----- Provided data

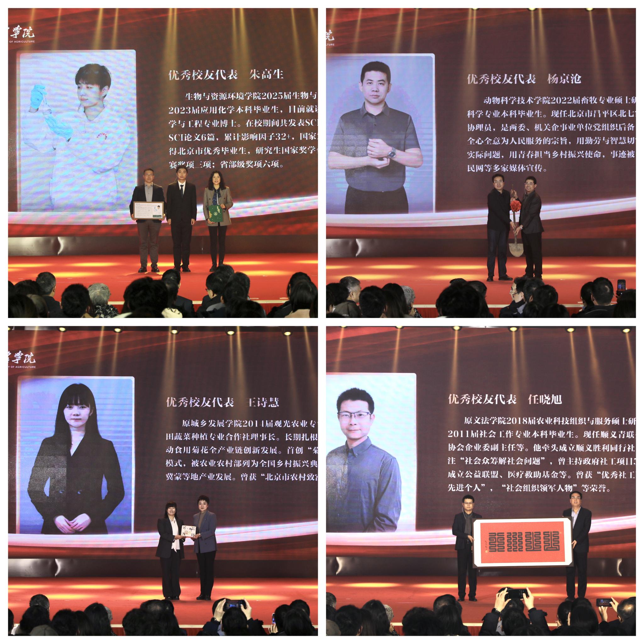 優(yōu)秀畢業(yè)生代表朱高生、楊京滄、王詩慧、任曉旭分享了在學(xué)校學(xué)習(xí)和成長的難忘經(jīng)歷,講述了畢業(yè)后持續(xù)深耕科研以及服務(wù)鄉(xiāng)村振興的奮斗故事,為同學(xué)們送上青春寄語,向母校贈(zèng)送蘊(yùn)含著拼搏與汗水的珍貴禮物,感謝母校及老師們的關(guān)懷和培養(yǎng)。
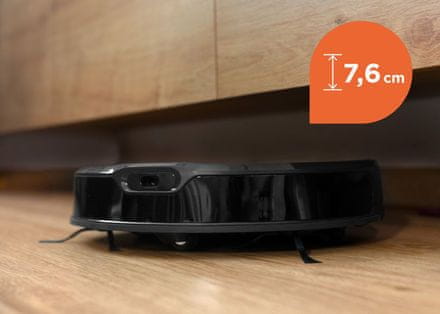 Glavna prednost robotskega sesalnika 2v1 laser koncept VR3300 RoboCross je njegov zelo nizek profil. Za razliko od običajnih laserskih modelov ima ta model lasersko glavo, ki se nahaja znotraj ohišja, kjer je zaščiten pred poškodbami in zunanjo umazanijo. Zahvaljujoč tej oblikovalski rešitvi doseže višino le 7,6 cm, tako da priročno odstranjuje prah in umazanijo tudi pod nizkim pohištvom.
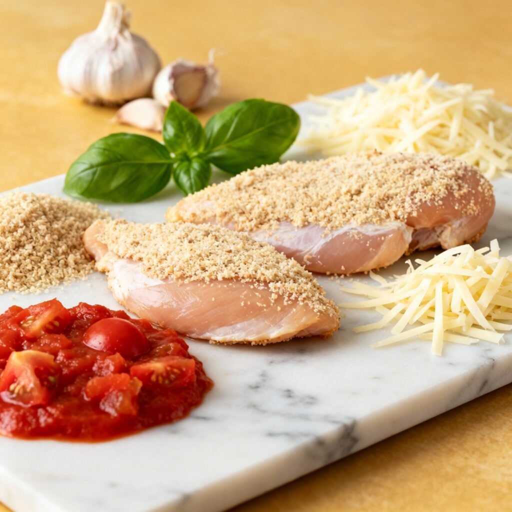 - Assemble and Bake: Once the chicken is cooked, remove it from the oven. Spread a thin layer of marinara sauce on each chicken cutlet. Top with the shredded mozzarella cheese and the remaining 1/4 cup of Parmesan cheese.
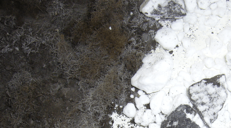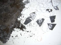 The second photo shows on the right side pre-crushed down to 3 cm pieces of material, which were mixed with dry ice and on the left side the ground material. Thereby the fibrous constituent parts were specifically separated and included in the photo.
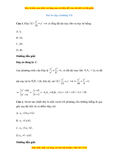 Đây là bản xem th , vu ử i lòng mua tài li u ệ đ xe ể m chi ti t ế (có l i ờ gi i ả ) Bài ôn tập chư ng ơ VII 2 x Câu 1. Elip E 2 : y 4 có tổng đ dài ộ tr c l ụ n và ớ tr c bé ụ b ng: ằ 16 A. 5; B. 10; C. 20; D. 40. Hư ng ớ d n gi ẫ i ả Đáp án đúng là: C 2 2 x y G i ọ phư ng ơ trình c a ủ Elip là 1 , có độ dài tr c ụ l n ớ A A 2a và độ 2 2 a b 1 2 2 x 2 2 x y dài tr c ụ bé là B B 2 1
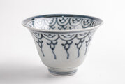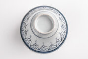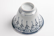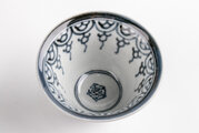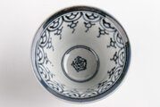 シンプルな瓔珞文様に、見込みに描かれた五弁花が味わい深い絵付けです。

----------

**Work instructions**
While leaving pictures out, reproduce exactly the lines from the beginning of the listing above through the line containing "Glavna prednost robotskega", both ends included.

**Solution**
 優(yōu)秀畢業(yè)生代表朱高生、楊京滄、王詩慧、任曉旭分享了在學(xué)校學(xué)習(xí)和成長的難忘經(jīng)歷,講述了畢業(yè)后持續(xù)深耕科研以及服務(wù)鄉(xiāng)村振興的奮斗故事,為同學(xué)們送上青春寄語,向母校贈(zèng)送蘊(yùn)含著拼搏與汗水的珍貴禮物,感謝母校及老師們的關(guān)懷和培養(yǎng)。
 Glavna prednost robotskega sesalnika 2v1 laser koncept VR3300 RoboCross je njegov zelo nizek profil. Za razliko od običajnih laserskih modelov ima ta model lasersko glavo, ki se nahaja znotraj ohišja, kjer je zaščiten pred poškodbami in zunanjo umazanijo. Zahvaljujoč tej oblikovalski rešitvi doseže višino le 7,6 cm, tako da priročno odstranjuje prah in umazanijo tudi pod nizkim pohištvom.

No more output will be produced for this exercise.